Closet Compulsion

I am a practicing heterosexual.

I’ve been in the rest room of O’Hare Airport between flights and been propositioned by men. Of course, I’ve also been propositioned by men at the bars of some of the best restaurants in New York and San Francisco. As a woman friend advised me, “Gay men appreciate men. Take it as a compliment.” I have.

Women are propositioned by men at bars quite regularly, I’m told, as well as in a variety of other places, many being somewhat inappropriate, such as, say, the office. Some women have actually propositioned me. I’m assuming they had been drinking heavily.

None of us has called the cops, as far as I know. Why are we so obsessed with a senator’s unfortunate and stupid comments in a men’s room? Why is sex so threatening to us?

The local newspaper in this guy’s home town has been trying to “out” him, obsessively, for years. Who cares if he’s gay, straight, bisexual, or bi-coastal? This publication reminds me of Kenneth Starr and his mindless pursuit of Bill Clinton and the stained dress. Apparently, the only one in the episode more obsessed with sex than Bill Clinton was Kenneth Starr.

I’m not claiming that this senator is Abraham Lincoln, I only know that the voters in Idaho put him in the Senate three consecutive terms. If we hold our leaders up to a magnifying glass or under a microscopic scrutiny that virtually none of us could withstand, what are we left with? What kind of inspection does one have to pass in order to serve?

I can’t remember the last time I read a story in a major newspaper or heard a sound bite on network television about the great job some politician, or school principal, or member of the clergy was doing. The media seem to me as if they are crouched in the bushes, ready to spring on any real or perceived transgression. Their job has become one of destroying.
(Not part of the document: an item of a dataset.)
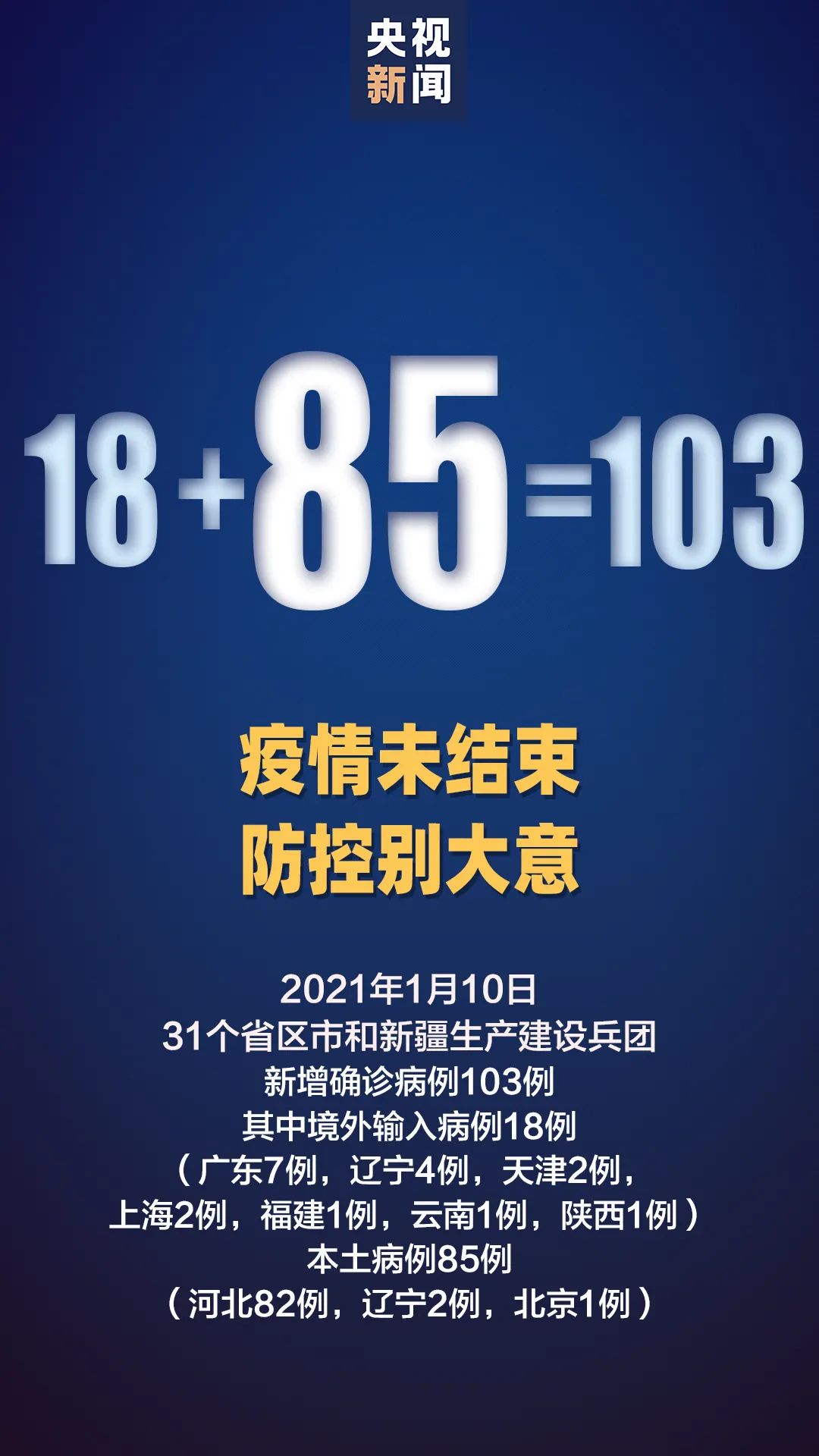 1月10日0—24时,31个省(自治区、直辖市)和新疆生产建设兵团报告新增确诊病例103例,其中境外输入病例18例(广东7例,辽宁4例,天津2例,上海2例,福建1例,云南1例,陕西1例),本土病例85例(河北82例,辽宁2例,北京1例);无新增死亡病例;无新增疑似病例。

By all means, let’s expose the pedophiles, the thieves, the corrupt. But what is this morbid fascination about everyone’s sexuality or orientation? If, after three terms, a senator admits to having been bisexual, does that mean he hasn’t really served us well for the prior 18 years and we have to reassess his service to the state? The answer is “yes” for someone like the former governor of New Jersey, whose sexual peccadilloes involved state appointments. But does it matter for someone, heterosexual or homosexual, who keeps his or her personal interests behind closed doors? Does it extend to an ill-conceived public utterance?
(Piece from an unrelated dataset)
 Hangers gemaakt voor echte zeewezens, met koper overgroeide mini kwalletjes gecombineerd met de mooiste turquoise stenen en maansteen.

Does it matter how many wives a male politician has had, or the age of the current one? Why on earth should it? Is the neckline on a woman’s outfit while campaigning relevant? Why should it be, and who says so?

We’re going to find something in just about everyone’s closet. Does that mean that they are all bad people and that we, the investigators, are morally superior? Or does it mean there are places into which we shouldn’t be poking our noses?

Where is Edward R. Murrow when you need him?

© Alan Weiss 2007. All rights reserved.

3 thoughts on “Closet Compulsion

  1. The issue isn’t sexual orientation or sexual activities, but hypocrisy. Rep. Barney Frank is criticized or lauded based on his legislative actions, not his sexual activities.

    When a senator rails against “threats to the sanctity of marriage” and then (admittedly) pays a prostitute for sex or (allegedly) solicits an undercover police officer, that tells us in dramatic terms that we can’t believe what these people are saying about their own values.

    Note that the Republican party is calling for the resignation of the foot-tapping senator from Idaho, but not the dallying senator from Louisiana. That’s because the governor of Idaho is Republican, and would appoint a Republican; the governor of Louisiana is a Democrat, and would appoint a Democrat. (Given the same situation, I’m sure the Dems would show the same selective outrage.) Behavioral and ethical standards are clearly shifted when they mean that power might be lost.


  2. The issue isn’t sexual orientation nor hypocrisy, it’s soliciting sex and engaging in said activity in a public facility.

    The cops were there because they were receiving complaints that there was sexual activity in the bathroom, not just pickups.

    I don’t want my elected officials engaging in sexual activity in public places, regardless of their orientation (sexual or political).


  3. In this particular case, what is at issue is not hypocrisy nor sexual orientation; it is sexual activity in a public place.

    The cops were staking out the bathroom not because it was a pickup place, but because sexual activity was taking place right there.

    I’d like to think we have at least a minimum standard of behavior for all people, not just Senators, for what they do in public restrooms.